The normalisation of the evolved particle distribution depends on the power injected perpendicularly to the shock surface, L _w,⊥ ≈ 50% of the total wind power, and on the fraction of that luminosity that goes to NT particles, f _NT, which is a free parameter of the model. Given that there is no tight constraint on how the energy is distributed in electrons and protons, we consider two independent parameters f_NT,e and f_NT,p.
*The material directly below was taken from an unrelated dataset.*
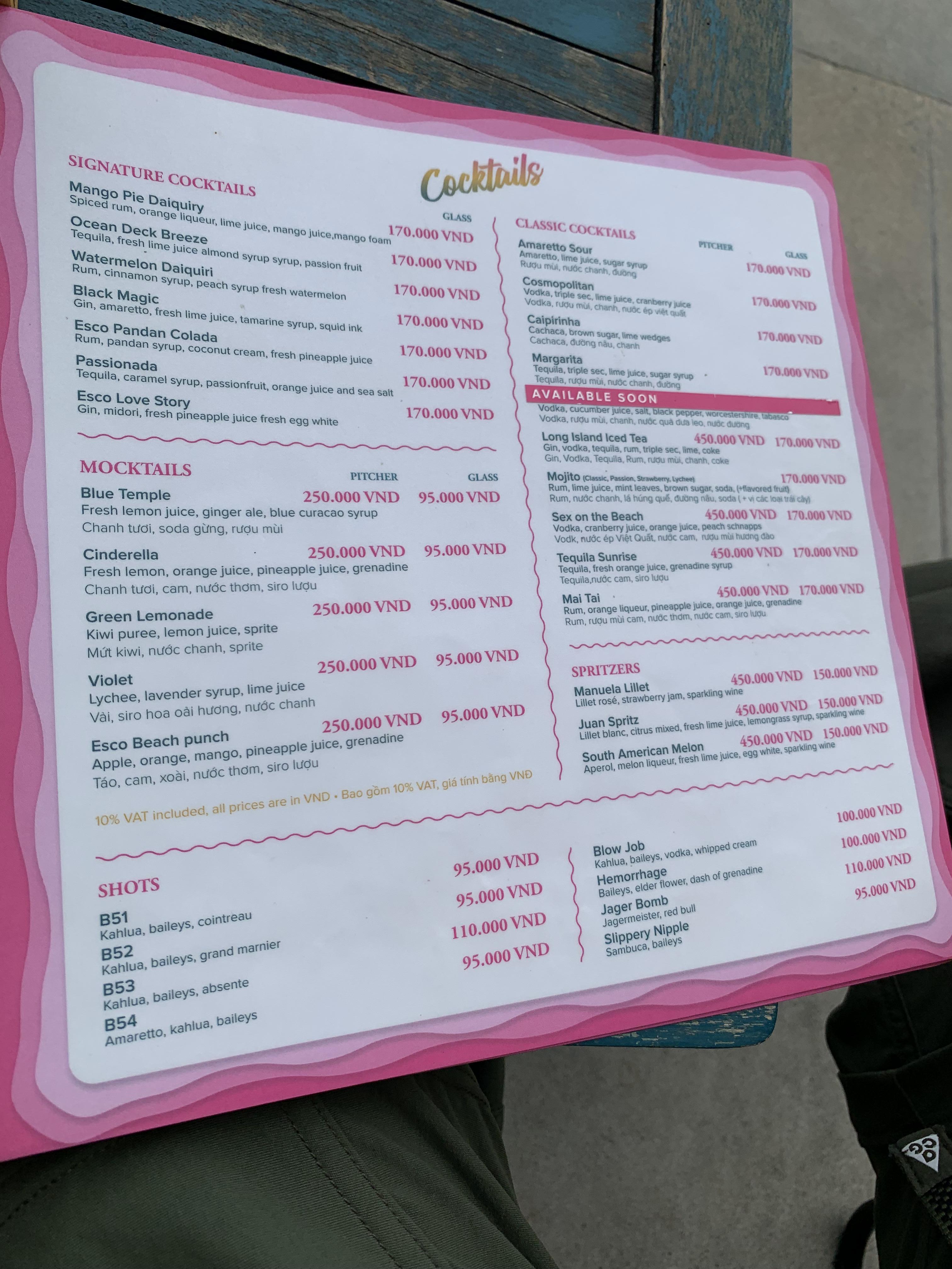 에스코 비치바의 메뉴이다.

It is worth noting that ISM-termination shocks of massive stars may transfer up to a ~10% of their energy into relativistic protons (Aharonian et al. 2018).

2.4. Numerical treatment

We apply the following procedure to obtain the NT particle distribution:

1. We obtain the location of the CD in the XY-plane in discrete points (x_i(θ_i), y_i(θ_i)). We characterise the position of the particles in their trajectories along the BS region through 1D cells (or linear-emitter segments) located at those points.

2. We compute the thermodynamic variables at each position i in the trajectory (Sect. 2.2).
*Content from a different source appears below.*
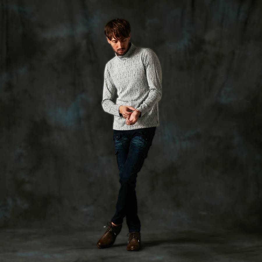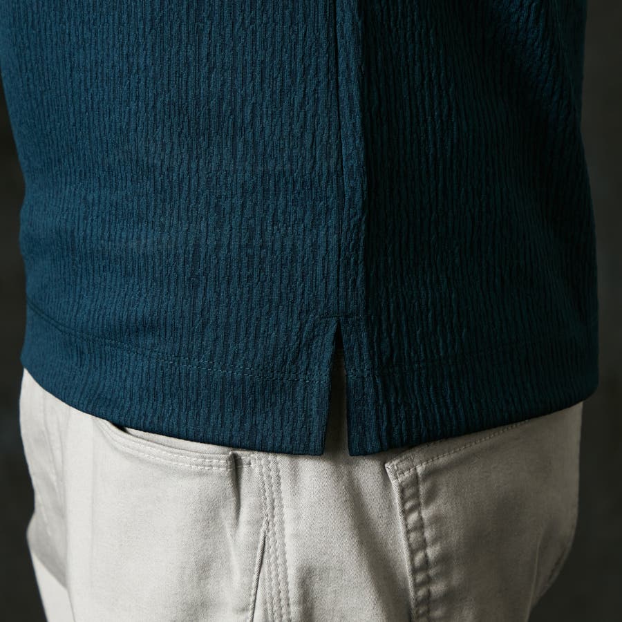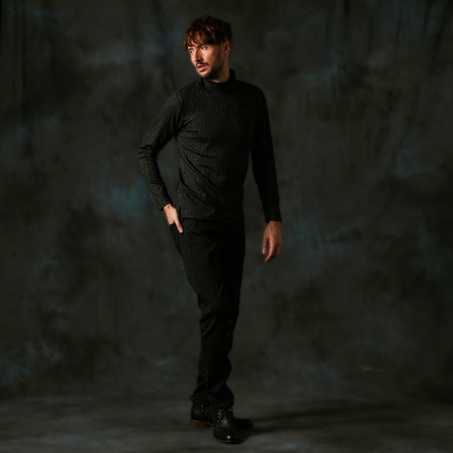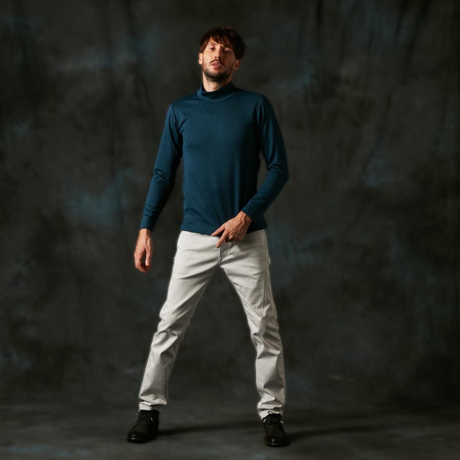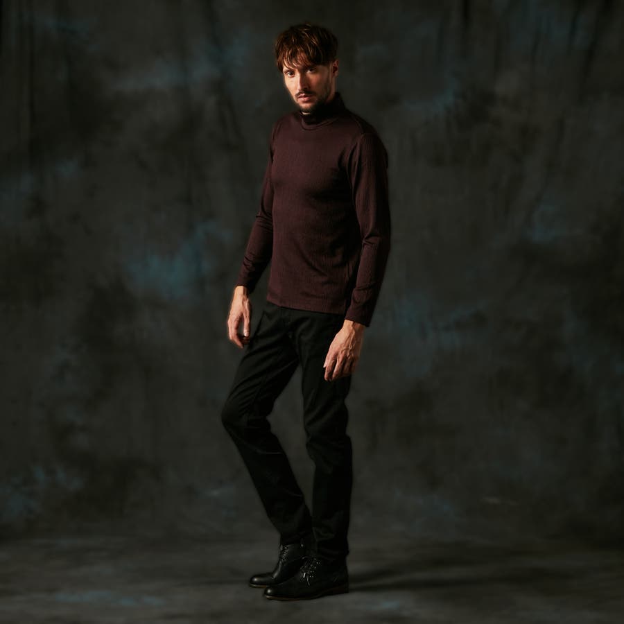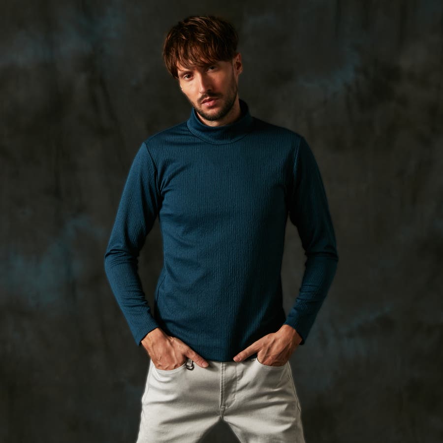 凹凸のあるランダムなストライプ柄が目を惹く、モックネックプルオーバーになります。

3. The wind fluid elements reach the RS at different locations, from where they are convected along the BS. We simulate the different trajectories by taking different values of i_min: the case in which i_min = 1 corresponds to a line starting in the apex of the BS, whereas i_min = 2 corresponds to a line that starts a bit further in the BS, and so on (Fig. 5). The axisymmetry allows us to compute the trajectories only for the 1D emitters with y ≥ 0.
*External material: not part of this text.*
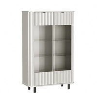 Witryna niska Novado 98 cm biel alpejska nowoczesna witryna o lekkim stylu zaokrąglone krawędzie metalowe uchwyty wysokie nogi

   Fig. 5. Illustration of the model for the spatial distribution of NT particles in the BS region. Left panel: different linear emitters, named as j = 1, 2, 3 according to the incoming stellar wind fluid line. Right panel: three cells of a bunch of linear emitters, obtained from summing at each location the contributions from the different linear emitters (see Sect. 2.4).

4. We calculate the power available to accelerate NT particles (either protons or electrons) at each position i as$${\mathrm{\Delta }L}_{\text{NT}}\left({\theta }_i\right)=f_{\text{NT}} L_{\mathrm{w},\perp }\left({\theta }_i\right)\frac{\mathrm{\Delta \Omega }\left({\theta }_i\right)}{4\pi },$$(4)

   where $L_{\mathrm{w},\perp }=0.5 \dot{M} {\upsilon }_{\mathrm{w},\perp }^2$, and ΔΩ = sin θΔθΔø is the solid angle subtended by the cell. The quantity ΔL_NT can be considered as a discrete version of a differential luminosity per surface element.

5. Relativistic particles are injected in only one cell per linear emitter (that corresponding to i_min), and each linear emitter is independent from the rest. For a given linear emitter, particles are injected at a location θ_i with an energy distribution Q(E, θ_i) = Q₀(θ_i)E^−p exp (−E/E_cut(θ_i)). The normalisation constant Q₀ is set by the condition ∫ E Q(E, θ_i) dE = ΔL_NT(θ_i), and the particle maximum energy E_cut(θ_i) by equating the acceleration time to the characteristic loss time, which takes into account both cooling and escape losses. The expressions used to calculate the different timescales are given below.

   The particle acceleration timescale is$$t_{\text{acc}}={\eta }_{\text{acc}}\left(\theta \right)E_{e,p}/\left(B\left(\theta \right)c q\right) \mathrm{s},$$(5)

   where the acceleration efficiency is η_acc(θ) = 2πE(c/υ_⊥(θ))². The characteristic escape timescale of the particles is given by$$t_{\text{esc}}={(t_{\text{conv}}^{-1}+t_{\text{diff}}^{-1})}^{-1}\mathrm{s}$$(6) $$t_{\text{conv}}=R\left(\theta \right)/{\upsilon }_{\parallel }\left(\theta \right)\mathrm{s}$$(7) $$t_{\text{diff}}=H{\left(\theta \right)}^2/\left({2D}_{\text{Bohm}}\right)\mathrm{s},$$(8)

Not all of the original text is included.